Four days before the presidential election, the United States broke the world record on the number of COVID-19 cases recorded by any country in a single 24-hour period as it passed the 100,000-mark. The country confirmed 100,233 COVID-19 cases on Friday, according to Reuters. Others have a slightly different count with CNN saying 99,321 new COVID-19 cases were reported on Friday while NBC News puts the number at 98,583. Regardless of the exact figure, the number breaks the previous record that had been held by India, which reported 97,894 cases on September 17. Overall, some 9 million people have contracted the coronavirus in the United States, amounting to almost 3 percent of the population as the number of dead approaches 230,000.
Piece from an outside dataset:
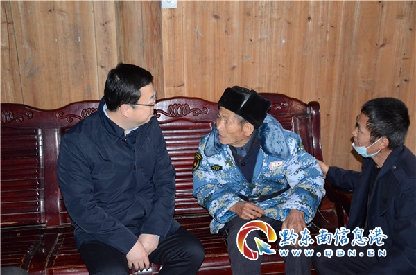 本網訊 在新春佳節(jié)即將到來之際,2月3日,黔東南州委副書記、州長羅強,黔東南州委常委、從江縣委書記張定超一行到從江縣谷坪鄉(xiāng)走訪慰問抗美援朝老兵潘學珍,為他送去了新春的祝福和慰問金。從江縣委副書記、縣人民政府縣長周哲云,縣退役軍人事務局、谷坪鄉(xiāng)黨委政府有關同志陪同慰問。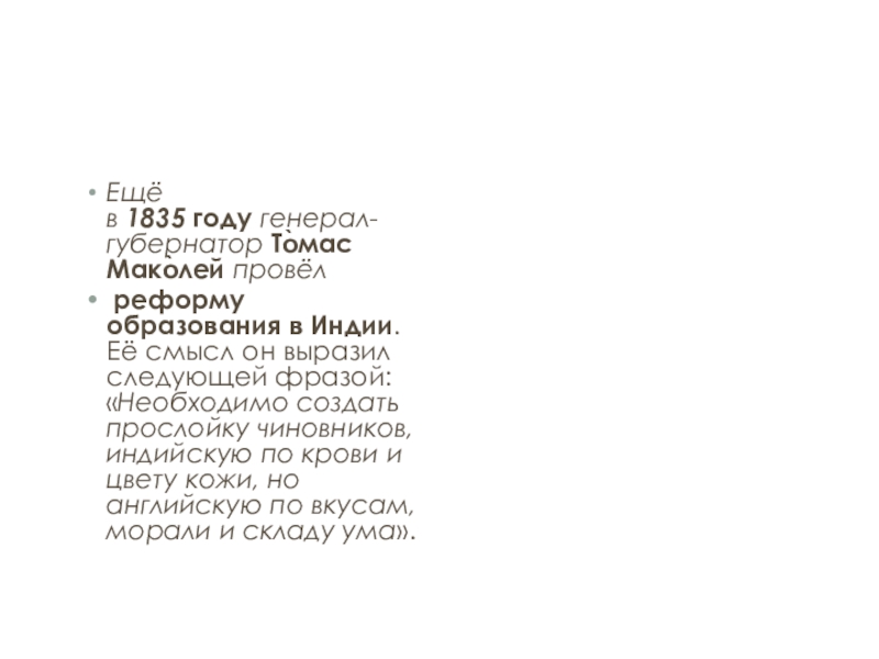 фразой: «Необходимо создать прослойку чиновников, индийскую по крови и цвету кожи, но английскую по вкусам, морали и складу ума».

The new daily record comes as President Donald Trump continues to insist that the country is “rounding the corner” on the virus. Yet even as the president and his allies continue to claim that the high number of COVID-19 cases merely reflects increased testing, the fresh record comes as hospitals in six states report having the most patients with the virus since the pandemic started. As of the end of the week, hospitalizations in 18 states reached records when the seven-day average is taken into account, with states in the West and Midwest particularly affected.
Experts say the death tolls will soon start to surge as well. “The 100,000 cases yesterday two weeks from now will start to translate into massive numbers of deaths,” Dr. Jonathan Reiner, a professor of medicine at George Washington University, told CNN. “So we’re going to see not just cases continue to escalate but we’re going to see perhaps 2,000 deaths per day two or three weeks from now.” Donald Trump Jr. claimed Thursday that COVID-19 deaths had dropped to “almost nothing” and said those who are talking about a new surge are “truly morons.” Yet experts say there’s no disputing the data. “We’re at a point where the epidemic is accelerating across the country. We’re right at the beginning of the steep part of the epidemic curve,” Dr. Scott Gottlieb, the former U.S. Food and Drug Administration commissioner, told CNBC. Gottlieb predicted a likely surge around Thanksgiving and said that “December’s probably going to be the toughest month.”